Biographical Information
and Compensatory Arrangements for New Officers
Scott M. Zuehlke,
Senior Vice President – Chief Financial Officer and Treasurer. Mr. Zuehlke, age 43, joined the Company in 2016 as its
Vice President – Investor Relations and Treasurer, and has also been serving as the Company’s interim Chief Financial
Officer since June 2019. Prior to joining the Company, Mr. Zuehlke served as Vice President,
Investor Relations for Halcón Resources from 2011 to 2016. In his role at Halcón, Mr. Zuehlke was responsible
for leading and managing the investor relations function and acting as the primary contact to the investment community. Halcón
is an independent energy company focused on the acquisition, production, exploration and development of onshore liquids-rich assets
in the United States. Mr. Zuehlke holds a Bachelor of Business Administration from the University of Texas and a Master of Business
Administration from the University of Houston.
In connection with
Mr. Zuehlke’s appointment as Senior Vice President – Chief Financial Officer and Treasurer, the Company and Mr. Zuehlke
entered into an offer letter agreement (the “Zuehlke Agreement”), effective as of November 1, 2019. The
Zuehlke Agreement replaces that certain letter agreement between Mr. Zuehlke and the Company dated January 9, 2016, but all other
arrangements and agreements between Mr. Zuehlke and the Company remain in place, as more fully set forth in the Company’s
Proxy Statement filed with the Securities and Exchange Commission on February 27, 2019.

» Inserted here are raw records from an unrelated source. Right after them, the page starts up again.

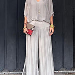 Setul Esmeralda Elegant din Chiffon aduce o eleganță aerisită garderobei tale de zi cu zi sau de seară. Construit din chiffon fluid, setul prezintă un top delicat drapat, asociat cu pantaloni largi cu talie înaltă pentru o siluetă sofisticată. Fie că participi la o petrecere de vară sau la o cină la apus, acest set radiază farmec fără efort și încredere rafinată.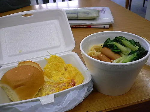 這次選的天天常餐亦是$15 包括牛油餐包平平無其的餐包塗上牛油後生色不少 如果是熱的就更好了火腿奄列驟眼看 蛋不會炒得過火 還保留了少許蛋汁 正合我意揭開一看 不得了 原來內藏不少蛋汁 真的令我有點驚喜正當我滿心期待 一吃 喜悅全消 怎麼這麼冷 連微暖也談不上真的很失望 但付了錢 沒有不吃的理由 只好把它吃下去其實味道還是可以的 只是真的很冰冷............麵則選擇了意粉 餸就要了時菜和芝士腸味道不過不失吧 至少是暖的$15 價錢相宜 不能強求甚麼 但真的有點失望....................…查看更多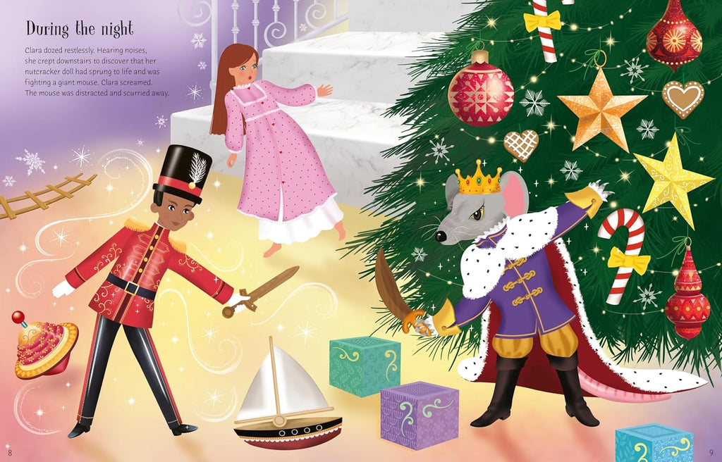 Use the stickers to dress the doll characters in this exciting version of the The Nutcracker ballet. Clara's uncle gives her a wooden nutcracker doll for Christmas, which, after a battle with the evil Mouse King, transforms into a real-life prince. Clara and the prince travel through a forest, filled with twirling snowflakes, before arriving the kingdom of the Sugar Plum Fairy, where trees are made of candy floss, cupcakes and candy canes. Clara eventually returns home. Has her experience been real or is it all an amazing dream?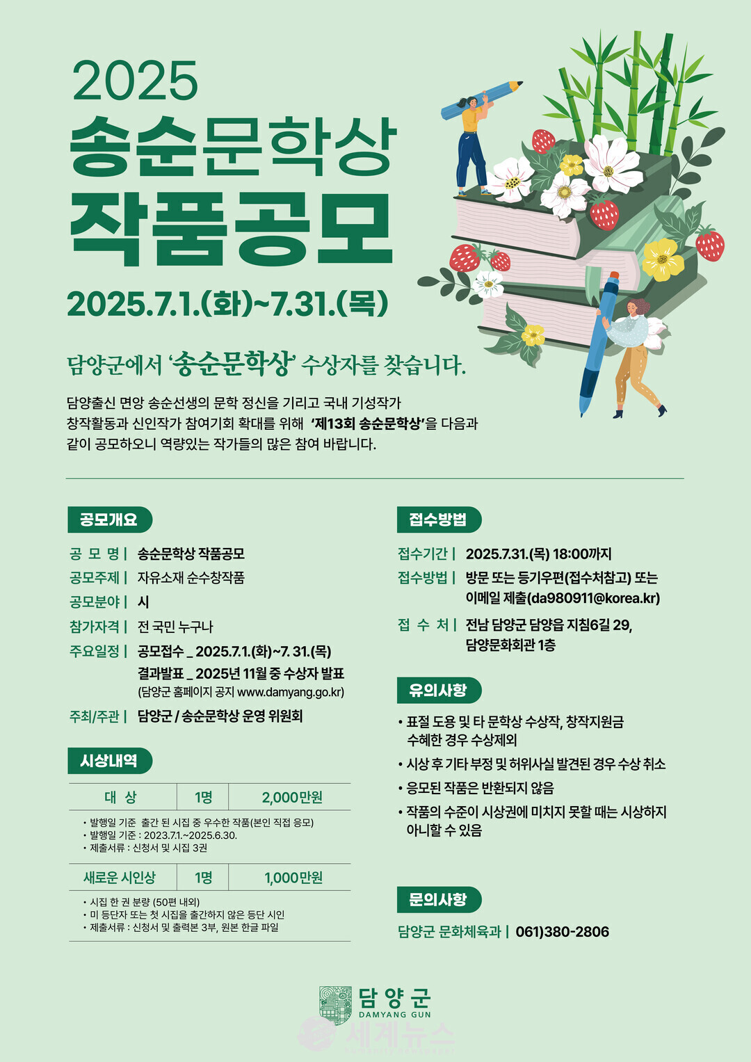 군 관계자는 “송순문학상은 문학성을 갖춘 시인들에게 열린 무대이자, 문학을 통해 담양의 정체성을 이어가는 문화 브랜드”라며 “전국의 많은 시인과 예비 작가들의 적극적인 참여를 기대한다”라고 밝혔다.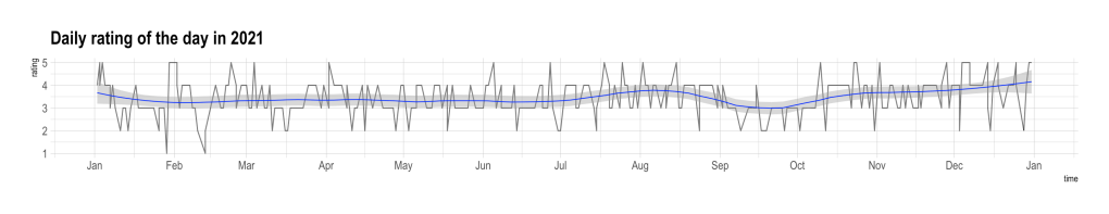 - Work did not correlate that much with my well-beings compared to last year. I’m relatively happy during 2021, so the disturbance (which is more prominent) are coming from myself or relations with others.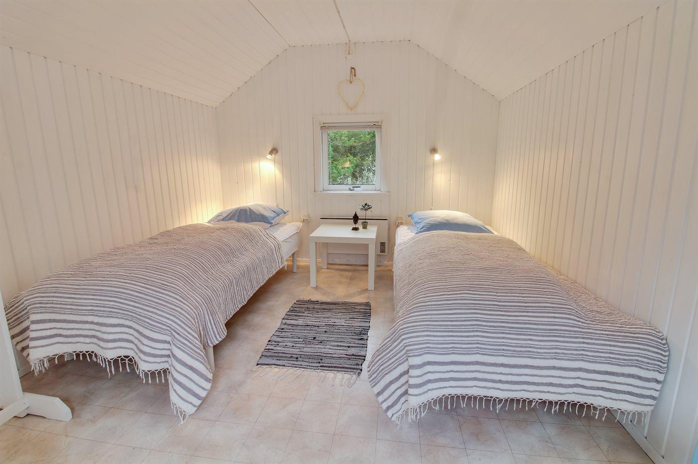 Der er i alt 4 soveværelser. Sovepladserne fordeler sig på: 6 sovepladser i dobbeltsenge. 2 sovepladser i enkeltsenge.- 2 af disse sovepladser befinder sig i et anneks.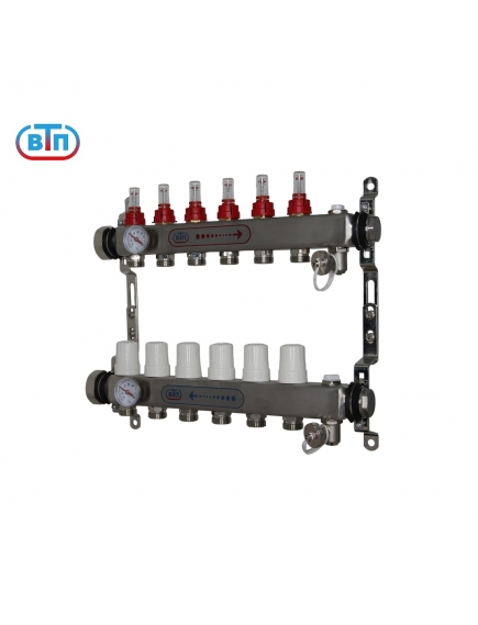 Коллекторная группа 6 контуров, накидные гайки 1.1/4" слева, БМ термометры А40.Ртн.06.НГ/ВР.БТ ВТП

Under the Zuehlke Agreement,
the Company will provide an annual base salary of $330,000, with future Annual Incentive Award target values equal to 55% of base
salary, and future Long Term Incentive award target values equal to $390,000. Mr. Zuehlke will receive other benefits to the same
extent as he enjoyed prior to his promotion, or as may be provided to other Company employees and officers in accordance with Company
policies then in effect, and subject to the terms and conditions of such benefit plans.
Mark A. Livingston,
Vice President – Chief Accounting Officer and Controller. Mr. Livingston, age 56, joined the Company as its Vice President
– Controller in February 2019. Prior to that time, Mr. Livingston served from 2015 to 2018 as Vice President, Chief Accounting
Officer at Omega Protein Corporation, a producer of food ingredients, dietary supplements and animal feed that was publicly traded
until it was taken private in December 2017. Prior to joining Omega, Mr. Livingston served as the Director of Financial Reporting
from 2012 to 2015 at ION Geophysical Corporation, a geoscience company providing seismic services to the oil and gas industry.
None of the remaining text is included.